Приехали, когда закат почти истощил багряные краски, заменив их зелёно-оранжевыми оттенками, а когда дотелепались до дома, до хаты, и те увяли до узкой зеленовато-голубой полосы, отсвечивающей тёмно-синим в подбрюшьях слоистых облаков. На клац открываемой калитки из дверей беленой приземистой мазанки-фазенды вышел хозяин, молча и крепко пожал руки прибывшим, дружелюбно вглядываясь в нежданного гостя из-под белёсых разлохмаченных бровей, торчащих пучками. Ладонь у него была бугристая, шершавая, лопатистая, и Виктору стало стыдно за мягкотелость и слабость своей белой, не успевшей огрубеть на буровой. Отец чёрного Семёна неожиданно оказался тёмно-русым и совсем не похожим на сына. Был он по-домашнему не брит, густо посеребрён и на вид довольно потрёпан многими годами суровой жизни, но ещё крепок, широк в кости и кряжист по-мужицки.
- Виктор, - назвал себя, чуть замешкавшись, гость, не зная, что ещё добавить для лучшего впечатления. – Семён пригласил.
- И правильно сделал, - похвалил отец сына надтреснутым тенорком, не вяжущимся с массивной фигурой.
На непонятное дворовое шевеление вышла и мать… и лучше бы не выходила. Стоило Виктору встретиться с ней мимолётным взглядом, как он ощутил всей разом встрепенувшейся плотью, что это ОНА, та единственная, которая ему нужна. Сердце дрогнуло и забилось быстрее и радостней, а голову затуманило тёплой пеленой удовлетворения. Он даже не успел разглядеть её внешне как следует, но уже твёрдо знал, что это ОНА, его звезда, его счастье. Особенно, когда их взгляды столкнулись, и чёрные живые блескучие глаза в белоснежных фарфоровых глазных яблоках заглянули глубоко в душу, томившуюся в ожидании именно этой встречи. Ему нестерпимо захотелось обнять её хотя бы освобождённым взглядом, но он только покраснел до глупости и еле удерживался на обватневших ногах. Она же, умница, по-женски чутко уловив его состояние, негромко рассмеялась бархатистым глуховатым смехом и назвалась первой:
- Мария, - и, чуть помедлив, очевидно, непривычная называться по отчеству, всё же добавила, стеснительно улыбаясь: - Даниловна… если хотите. - Тщательно вытерла руку о чистый белый передник с жёлто-красным орнаментом и протянула сжатую лодочкой ладонь.

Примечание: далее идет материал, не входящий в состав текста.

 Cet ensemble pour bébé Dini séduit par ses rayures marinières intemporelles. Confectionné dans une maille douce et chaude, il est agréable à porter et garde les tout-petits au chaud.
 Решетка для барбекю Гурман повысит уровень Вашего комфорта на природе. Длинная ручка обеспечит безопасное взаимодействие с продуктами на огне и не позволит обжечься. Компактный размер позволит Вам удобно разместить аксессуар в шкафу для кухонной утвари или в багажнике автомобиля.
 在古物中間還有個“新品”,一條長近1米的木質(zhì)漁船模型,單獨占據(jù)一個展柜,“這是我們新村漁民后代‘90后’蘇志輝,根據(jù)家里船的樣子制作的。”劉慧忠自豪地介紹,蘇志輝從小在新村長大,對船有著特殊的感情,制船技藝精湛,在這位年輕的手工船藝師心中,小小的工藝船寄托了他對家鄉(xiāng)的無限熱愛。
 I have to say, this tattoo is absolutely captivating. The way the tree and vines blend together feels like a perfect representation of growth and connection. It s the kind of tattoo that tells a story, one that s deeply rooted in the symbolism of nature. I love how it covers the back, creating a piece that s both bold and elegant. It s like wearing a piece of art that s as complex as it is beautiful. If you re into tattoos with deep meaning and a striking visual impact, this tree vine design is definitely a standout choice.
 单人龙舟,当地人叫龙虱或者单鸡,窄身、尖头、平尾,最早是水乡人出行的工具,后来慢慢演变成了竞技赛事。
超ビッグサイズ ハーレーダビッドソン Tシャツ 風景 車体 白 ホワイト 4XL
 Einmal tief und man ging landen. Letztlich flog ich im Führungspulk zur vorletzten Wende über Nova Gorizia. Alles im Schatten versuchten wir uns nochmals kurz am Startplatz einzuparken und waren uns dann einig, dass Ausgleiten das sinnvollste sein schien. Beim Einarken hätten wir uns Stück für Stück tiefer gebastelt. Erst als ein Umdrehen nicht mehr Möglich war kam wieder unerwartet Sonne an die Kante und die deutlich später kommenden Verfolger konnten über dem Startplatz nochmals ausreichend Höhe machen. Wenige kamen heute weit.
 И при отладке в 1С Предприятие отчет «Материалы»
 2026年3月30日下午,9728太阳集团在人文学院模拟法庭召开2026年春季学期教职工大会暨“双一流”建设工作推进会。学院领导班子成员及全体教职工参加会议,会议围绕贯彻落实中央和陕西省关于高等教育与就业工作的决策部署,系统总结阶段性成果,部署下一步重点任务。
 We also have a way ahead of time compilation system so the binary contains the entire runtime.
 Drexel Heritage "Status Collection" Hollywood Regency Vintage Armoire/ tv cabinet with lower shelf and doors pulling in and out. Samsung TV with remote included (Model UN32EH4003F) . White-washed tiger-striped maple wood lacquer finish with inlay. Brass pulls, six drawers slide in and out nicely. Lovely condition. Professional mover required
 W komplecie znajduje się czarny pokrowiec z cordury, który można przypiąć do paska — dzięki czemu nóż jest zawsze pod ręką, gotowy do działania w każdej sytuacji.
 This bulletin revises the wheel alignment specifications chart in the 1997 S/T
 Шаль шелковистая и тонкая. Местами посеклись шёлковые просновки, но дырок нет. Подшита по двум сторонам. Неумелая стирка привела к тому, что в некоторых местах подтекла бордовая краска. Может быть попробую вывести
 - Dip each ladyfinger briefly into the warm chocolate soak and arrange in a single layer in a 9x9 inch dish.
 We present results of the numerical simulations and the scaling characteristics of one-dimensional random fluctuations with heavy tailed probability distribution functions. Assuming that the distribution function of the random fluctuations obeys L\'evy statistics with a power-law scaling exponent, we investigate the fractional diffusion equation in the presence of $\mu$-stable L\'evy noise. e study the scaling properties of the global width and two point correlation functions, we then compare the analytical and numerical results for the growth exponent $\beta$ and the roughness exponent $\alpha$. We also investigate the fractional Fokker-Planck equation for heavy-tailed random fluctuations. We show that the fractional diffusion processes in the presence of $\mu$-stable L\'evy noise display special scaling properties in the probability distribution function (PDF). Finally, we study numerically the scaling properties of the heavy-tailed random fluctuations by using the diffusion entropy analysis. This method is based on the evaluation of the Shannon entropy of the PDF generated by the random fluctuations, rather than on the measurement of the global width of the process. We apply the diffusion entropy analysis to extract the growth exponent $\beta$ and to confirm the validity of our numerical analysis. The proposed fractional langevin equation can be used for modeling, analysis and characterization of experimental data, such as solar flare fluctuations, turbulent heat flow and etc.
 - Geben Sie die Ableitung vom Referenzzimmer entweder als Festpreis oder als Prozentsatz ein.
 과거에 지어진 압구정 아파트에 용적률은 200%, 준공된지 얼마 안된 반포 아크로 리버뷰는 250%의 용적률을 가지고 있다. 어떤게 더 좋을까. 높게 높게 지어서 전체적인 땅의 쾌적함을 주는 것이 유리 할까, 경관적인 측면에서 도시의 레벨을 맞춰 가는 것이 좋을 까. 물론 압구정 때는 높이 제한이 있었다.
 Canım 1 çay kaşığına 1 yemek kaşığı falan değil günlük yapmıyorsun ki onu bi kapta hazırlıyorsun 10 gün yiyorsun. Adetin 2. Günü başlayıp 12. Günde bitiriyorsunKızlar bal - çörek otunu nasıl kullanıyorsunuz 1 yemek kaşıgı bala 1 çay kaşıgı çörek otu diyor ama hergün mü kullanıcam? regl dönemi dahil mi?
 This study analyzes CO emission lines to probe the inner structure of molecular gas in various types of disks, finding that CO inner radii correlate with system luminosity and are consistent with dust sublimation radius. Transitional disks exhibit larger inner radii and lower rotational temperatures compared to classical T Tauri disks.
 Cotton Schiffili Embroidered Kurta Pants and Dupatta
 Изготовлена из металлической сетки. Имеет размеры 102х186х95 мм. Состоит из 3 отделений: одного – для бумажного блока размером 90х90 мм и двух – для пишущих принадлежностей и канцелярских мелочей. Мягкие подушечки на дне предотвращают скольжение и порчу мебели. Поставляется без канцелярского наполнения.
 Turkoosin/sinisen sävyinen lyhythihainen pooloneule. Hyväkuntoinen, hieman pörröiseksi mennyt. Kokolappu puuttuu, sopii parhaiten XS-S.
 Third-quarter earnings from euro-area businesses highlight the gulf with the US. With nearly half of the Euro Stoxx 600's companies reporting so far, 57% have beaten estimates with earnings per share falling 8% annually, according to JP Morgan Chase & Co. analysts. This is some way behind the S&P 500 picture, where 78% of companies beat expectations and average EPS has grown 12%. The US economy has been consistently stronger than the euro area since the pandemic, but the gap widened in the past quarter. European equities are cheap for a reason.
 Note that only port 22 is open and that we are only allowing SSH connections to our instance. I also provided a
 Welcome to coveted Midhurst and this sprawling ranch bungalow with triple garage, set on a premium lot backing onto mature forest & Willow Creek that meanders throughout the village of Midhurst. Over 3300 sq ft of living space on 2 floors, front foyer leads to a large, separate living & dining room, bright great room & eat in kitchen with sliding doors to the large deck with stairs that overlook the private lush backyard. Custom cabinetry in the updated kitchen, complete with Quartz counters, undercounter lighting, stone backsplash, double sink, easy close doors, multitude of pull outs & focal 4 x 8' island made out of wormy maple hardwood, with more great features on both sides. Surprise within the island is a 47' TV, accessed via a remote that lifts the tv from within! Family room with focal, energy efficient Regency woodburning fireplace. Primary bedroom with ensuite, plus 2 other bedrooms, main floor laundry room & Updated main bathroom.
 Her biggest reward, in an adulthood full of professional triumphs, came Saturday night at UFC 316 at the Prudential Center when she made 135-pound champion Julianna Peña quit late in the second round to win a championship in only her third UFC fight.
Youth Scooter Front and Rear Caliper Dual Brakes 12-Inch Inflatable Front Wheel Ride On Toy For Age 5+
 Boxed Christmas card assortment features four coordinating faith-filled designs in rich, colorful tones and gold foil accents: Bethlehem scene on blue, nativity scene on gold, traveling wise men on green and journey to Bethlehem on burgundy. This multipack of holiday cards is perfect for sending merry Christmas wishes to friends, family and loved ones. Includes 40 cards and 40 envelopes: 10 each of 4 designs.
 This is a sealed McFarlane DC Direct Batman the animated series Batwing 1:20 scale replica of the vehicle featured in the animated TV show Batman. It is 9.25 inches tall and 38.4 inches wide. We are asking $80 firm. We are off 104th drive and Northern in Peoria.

Он, не отрывая глаз от её смуглого гладкого лица без единой морщиночки, нащупал ладошку и едва сжал, как всего, с головы до пят, словно шваркнуло током. Он чуть не завопил в экстазе: «мо-о-я!», но вместо этого пробормотал осевшим от волнения голосом, заикаясь:
- Вик-к-тор, - и зарделся пламенем, словно девка на выданье, увидевшая впервые желанного жениха.
- Ма, - вклинился сын, - к нам, - повернулся к Виктору, - ненадолго… ничего?
Мария Даниловна любовно оглядела чадо, очень похожее на неё, и, приветливо прищурив смеющиеся тёплые глаза, произнесла ласково:
- Милости просим, поживите, сколько хочется, если понравится, - и снова обожгла гостя чёрной молнией.
- Кто кому понравился? – выпорхнула из дверей девчушка-толстушка со свободно распущенной густой волной тёмно-русых волос до самого пояса.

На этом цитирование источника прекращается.